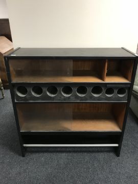 A mid 20th century cocktail cabinet, with glass sliding doors and graduated wine bottle holders, width 110 cm
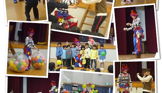 和歌山県新宮市の三輪崎保育園の園長先生より連絡があり、2013年3月7日に被災地支援パフォーマンスが実現しました。地元4園、総勢210名の園児が三輪崎会館に集まり、バロンも1人1人に励ましの気持ちで演じたようです。
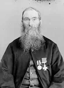 Austin was presented with the NZC in March 1876 in a ceremony at Wanganui, with Keepa and Thomas Adamson also being awarded the medal at the same time.[33] Only 23 awards of the NZC were made, all for actions that took place during the New Zealand Wars, making it one of the rarest gallantry awards in the world.[34]
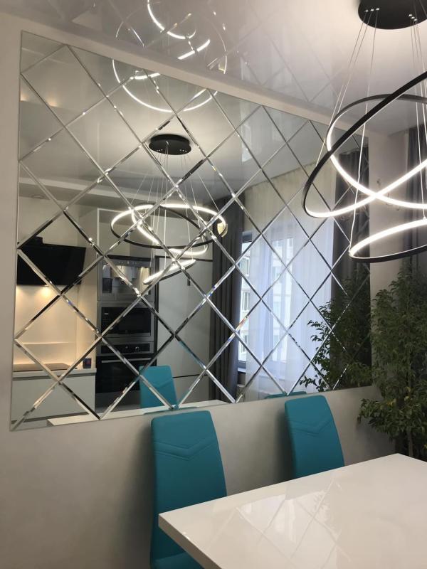 Использована зеркальная квадратная плитка с фацетом.
-=-=-=-=-
▶ _What you should do_
Beginning at the line that contains "和歌山県新宮市の三輪崎保育園", transcribe it and every later line through the last line of the data above, exactly, and drop the pictures.

▶ _Exercise result_
 和歌山県新宮市の三輪崎保育園の園長先生より連絡があり、2013年3月7日に被災地支援パフォーマンスが実現しました。地元4園、総勢210名の園児が三輪崎会館に集まり、バロンも1人1人に励ましの気持ちで演じたようです。
 Austin was presented with the NZC in March 1876 in a ceremony at Wanganui, with Keepa and Thomas Adamson also being awarded the medal at the same time.[33] Only 23 awards of the NZC were made, all for actions that took place during the New Zealand Wars, making it one of the rarest gallantry awards in the world.[34]
 Использована зеркальная квадратная плитка с фацетом.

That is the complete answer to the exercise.